Sebuah tawar menawar dengan hati dalam sebuah rekonsiliasi
Jika mata dibalas dengan mata, dunia akan jadi buta. Jika maaf dikedepankan, dunia tetap indah kendati hanya dinikmati satu mata yang tersisa.
Permaafan dalam paragraf di atas menawarkan harapan bahwa maaf yang tulus memungkinkan siapa saja yang kehilangan mata (karena kesalahan orang lain) masih bisa menikmati indahnya dunia melalui satu mata yang masih tersisa. Tak terbayangkan jika hilangnya sebiji bola mata harus dibayar lunas dengan sebiji bola mata juga. Akan muncul ritus pembalasan dendam dengan dua hal sebagai kemungkinan
akhirnya: (1) bertambah lagi satu orang yang kehilangan mata atau (2) yang bersangkutan kehilangan sisa matanya sehingga dunia sungguh-sungguh akan menjadi gelap gulita.
Tapi maaf kadang tak sesederhana pengucapannya, sebab terdapat banyak kesalahan yang berasal dari jenis yang serius, tergolong berat atau bahkan maha-berat. Keberadaan kesalahan macam itulah yang memungkinkan lahirnya istilah: kesalahan yang tak termaafkan.
Persoalannya: benarkah ada jenis kesalahan yang tak termaafkan?
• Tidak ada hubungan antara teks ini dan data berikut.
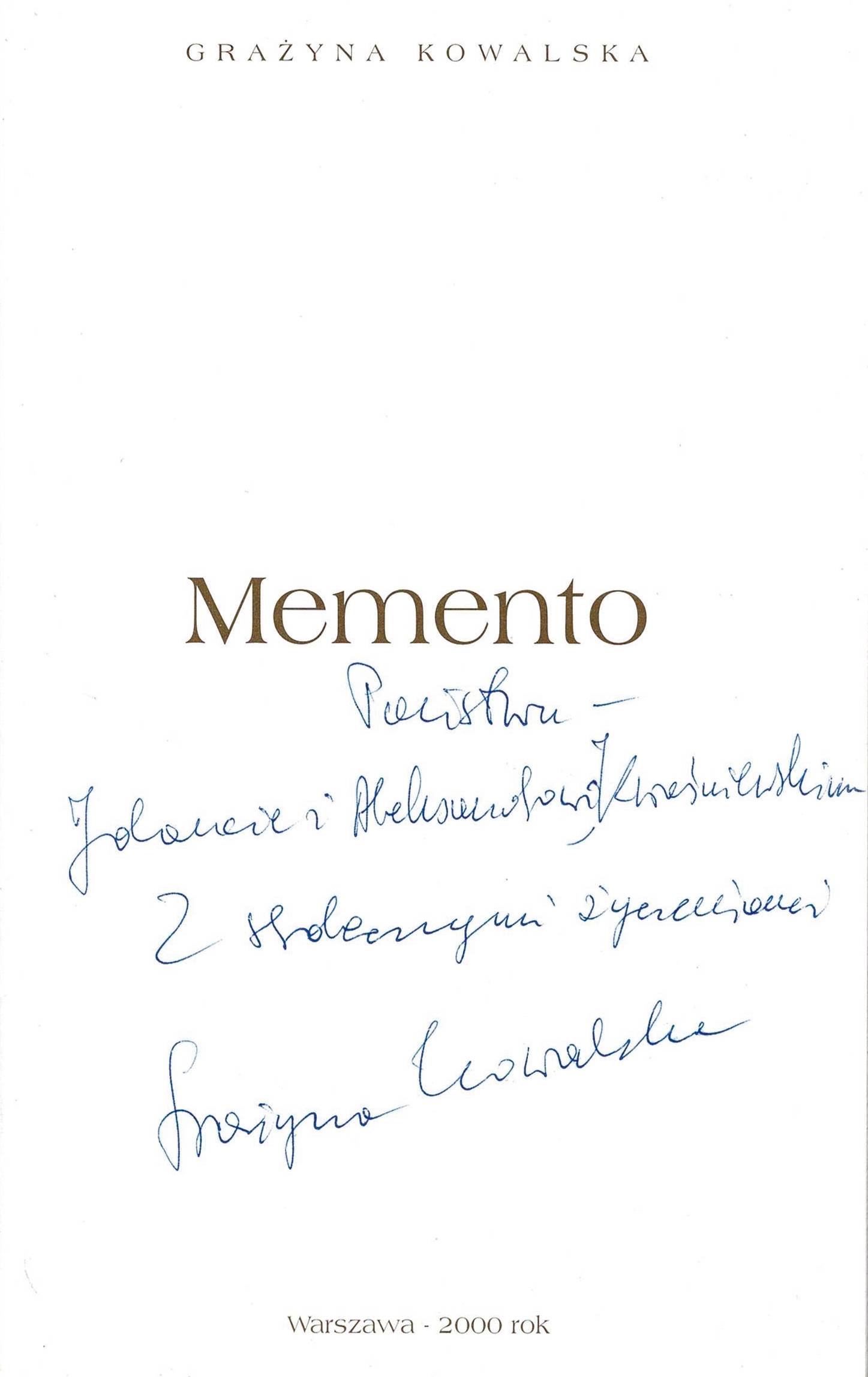 Treść dedykacji: Państwu - Jolancie i Aleksandrowi Kwaśniewskim z serdecznymi życzeniami Grażyna Kowalska

Saya kurang yakin ada jenis kesalahan yang sungguh-sungguh tak termaafkan. Bagi sebagian orang, kekasih/pasangan yang berkhianat tak bisa dimaafkan. Nyatanya, tak sedikit orang yang bisa memaafkan kesalahan demikian. Ada orang yang menganggap pembunuhan sebagai kesalahan yang tak termaafkan. Tapi, ternyata ada juga keluarga yang perlahan tapi pasti akhirnya bisa memaafkan orang yang telah membunuh anggota keluarganya.
Jika ada orang yang ternyata sanggup memaafkan kesalahan-kesalahan demikian, artinya kesalahan itu sebenarnya memang bisa dimaafkan. Jika tak bisa dimaafkan, pastilah tak ada satu pun yang bisa memaafkan jenis kesalahan demikian. Nyatanya ada orang yang bisa memaafkan. Sederhananya, bisa dimaafkan atau tidak bukanlah ditakar dari jenis kesalahannya, tapi bergantung pada sanggup tidaknya pihak yang terlukai untuk memberi permaafan.
Tapi kenapa masih saja ada –akan selalu ada– permintaan maaf yang bertepuk sebelah tangan?
“Ente sih enak aja bilang maaf, soalnya gak ngalamin sendiri macam mana sakitnya. Coba kalo ente ngalamin sendiri….” begitu biasanya orang-orang membangun benteng pertahanan tiap kali diberi pilihan untuk memberi maaf. Alih-alih mencoba menjajal kemungkinan-kemungkinan baru, mereka lebih memilih mencari pembenaran atas pilihannya untuk terus menerus memersoalkan masa silam, bahkan mencoba meminta permakluman pada siapa saja ihwal pilihannya itu.
Barangkali memang benar luka yang terperam itu sungguhlah menganga lebar dan tak tersembuhkan. Tapi kita tak mungkin hidup dengan terus dikangkangi masa lalu, melulu dibayang-bayangi peristiwa yang terjadi pada masa silam. Sejarah tak mungkin terbarukan. Ia sudah terjadi, hanya sekali terjadi, dan tak mungkin diperbaiki, begitulah memang adanya. Ein malig, kata orang Jerman.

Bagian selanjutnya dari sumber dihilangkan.